Top of INPUT FOR THIS TASK

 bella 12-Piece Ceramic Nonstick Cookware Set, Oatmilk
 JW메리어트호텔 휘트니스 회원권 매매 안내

Bottom of INPUT FOR THIS TASK
Top of INPUT FOR THIS TASK

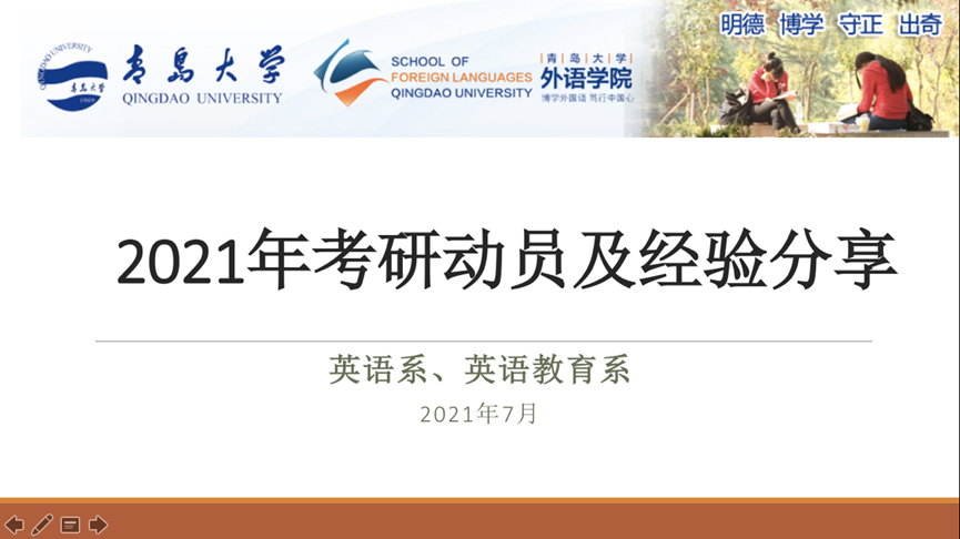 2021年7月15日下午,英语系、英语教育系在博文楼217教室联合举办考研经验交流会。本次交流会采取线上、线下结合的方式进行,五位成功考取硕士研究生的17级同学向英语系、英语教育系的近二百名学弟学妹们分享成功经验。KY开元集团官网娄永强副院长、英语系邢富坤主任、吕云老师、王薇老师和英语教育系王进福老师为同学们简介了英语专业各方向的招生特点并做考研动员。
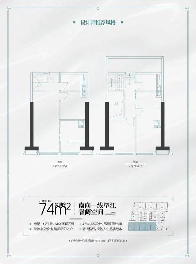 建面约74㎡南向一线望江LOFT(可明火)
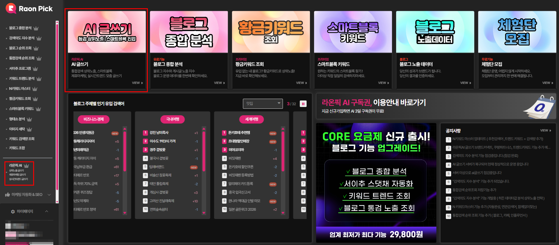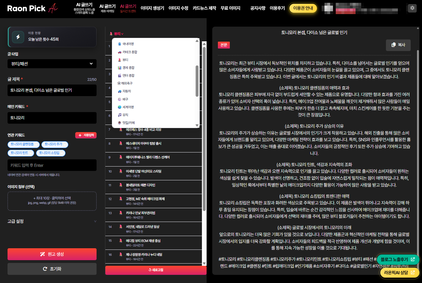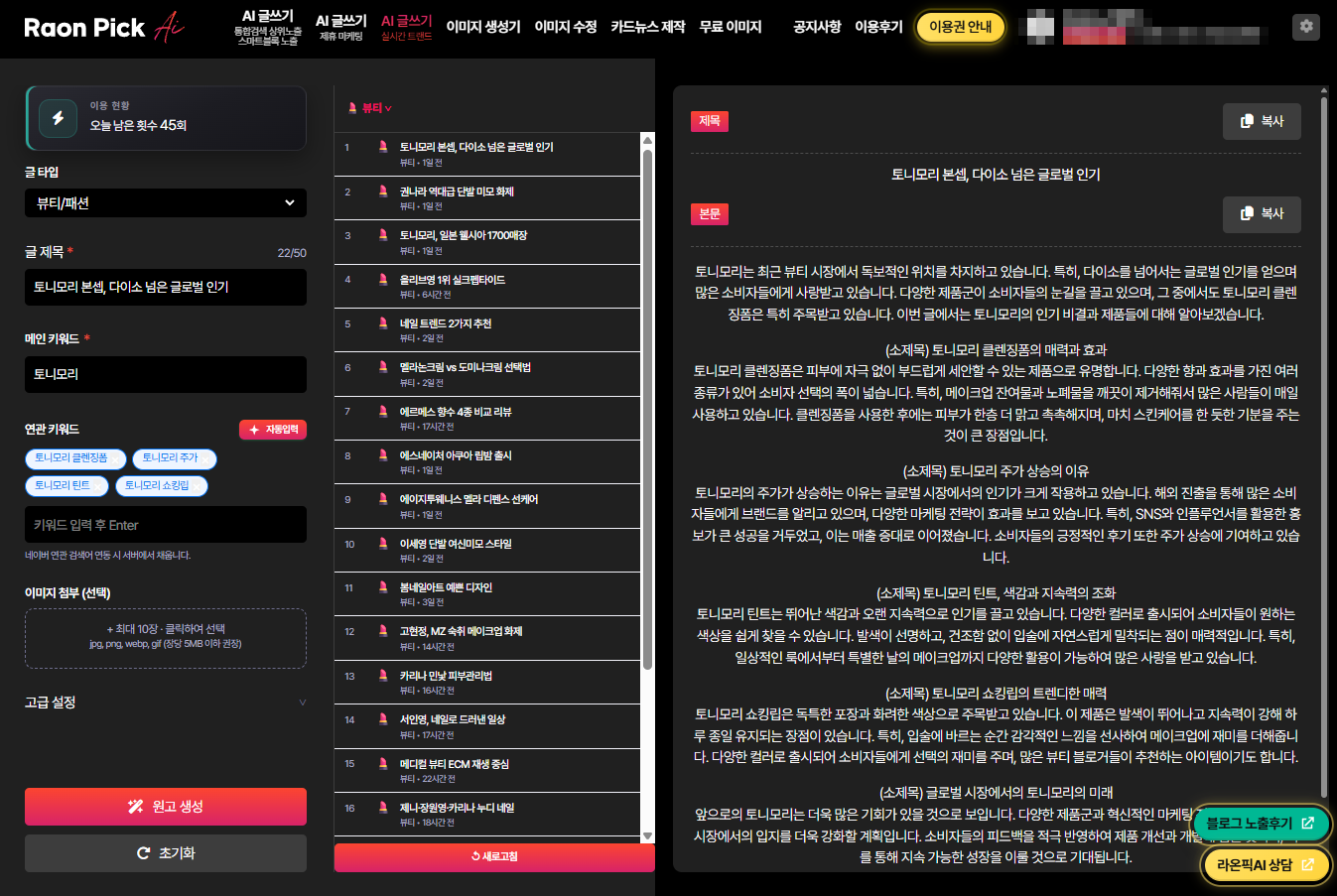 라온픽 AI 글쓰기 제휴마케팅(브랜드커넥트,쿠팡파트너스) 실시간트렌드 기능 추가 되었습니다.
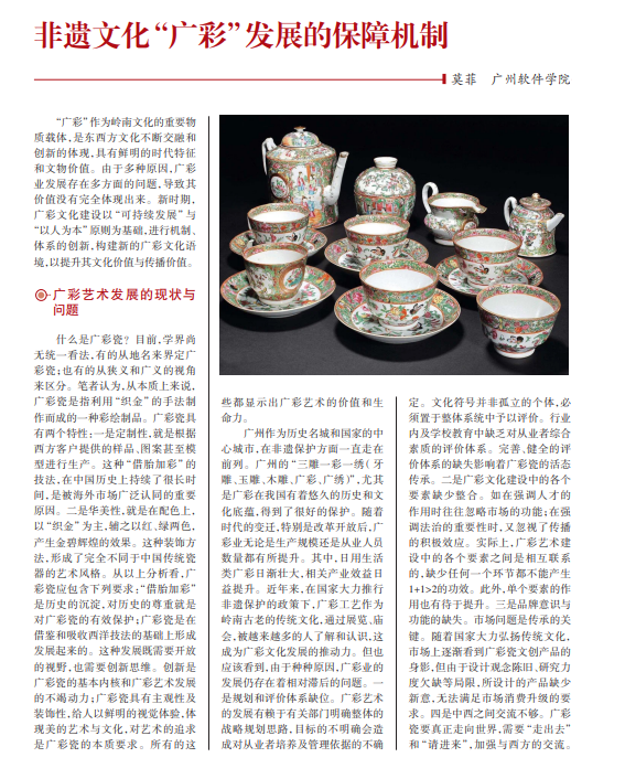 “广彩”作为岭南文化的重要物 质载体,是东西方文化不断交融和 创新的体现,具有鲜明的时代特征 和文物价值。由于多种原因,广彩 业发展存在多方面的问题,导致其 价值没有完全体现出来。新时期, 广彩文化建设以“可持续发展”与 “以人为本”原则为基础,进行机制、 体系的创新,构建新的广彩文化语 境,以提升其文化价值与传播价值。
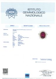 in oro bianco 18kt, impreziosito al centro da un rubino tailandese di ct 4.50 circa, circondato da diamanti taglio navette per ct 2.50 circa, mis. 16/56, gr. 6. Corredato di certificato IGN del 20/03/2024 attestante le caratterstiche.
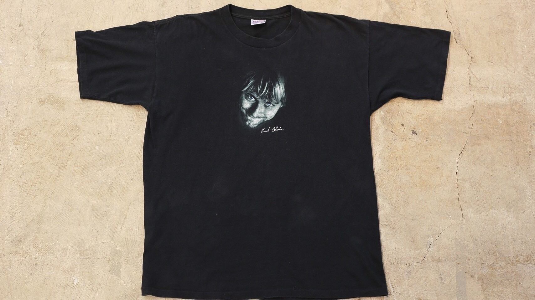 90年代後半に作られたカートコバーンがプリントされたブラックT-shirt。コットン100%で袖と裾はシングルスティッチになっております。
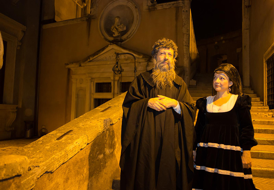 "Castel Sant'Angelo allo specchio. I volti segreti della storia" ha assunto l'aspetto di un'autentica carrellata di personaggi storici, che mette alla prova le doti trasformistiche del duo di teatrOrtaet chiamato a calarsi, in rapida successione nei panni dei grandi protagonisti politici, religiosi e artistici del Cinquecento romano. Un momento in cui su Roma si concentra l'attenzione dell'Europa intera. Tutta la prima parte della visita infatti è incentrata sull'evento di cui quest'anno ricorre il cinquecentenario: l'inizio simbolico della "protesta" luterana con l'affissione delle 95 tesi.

Bottom of INPUT FOR THIS TASK

**EXERCISE DETAILS:** Beginning at the line above that contains "2021年7月15日下午,英" and going on through the line that contains "质载体,是东西方文化不断交融和 创新的体现,具有鲜明的时代特征 和文物价值。由于多种原因,广彩", please copy every line exactly, leaving the pictures out and adding nothing.

**ANSWER FOR THIS EXERCISE:**
 2021年7月15日下午,英语系、英语教育系在博文楼217教室联合举办考研经验交流会。本次交流会采取线上、线下结合的方式进行,五位成功考取硕士研究生的17级同学向英语系、英语教育系的近二百名学弟学妹们分享成功经验。KY开元集团官网娄永强副院长、英语系邢富坤主任、吕云老师、王薇老师和英语教育系王进福老师为同学们简介了英语专业各方向的招生特点并做考研动员。
 建面约74㎡南向一线望江LOFT(可明火)
 라온픽 AI 글쓰기 제휴마케팅(브랜드커넥트,쿠팡파트너스) 실시간트렌드 기능 추가 되었습니다.
 “广彩”作为岭南文化的重要物 质载体,是东西方文化不断交融和 创新的体现,具有鲜明的时代特征 和文物价值。由于多种原因,广彩 业发展存在多方面的问题,导致其 价值没有完全体现出来。新时期, 广彩文化建设以“可持续发展”与 “以人为本”原则为基础,进行机制、 体系的创新,构建新的广彩文化语 境,以提升其文化价值与传播价值。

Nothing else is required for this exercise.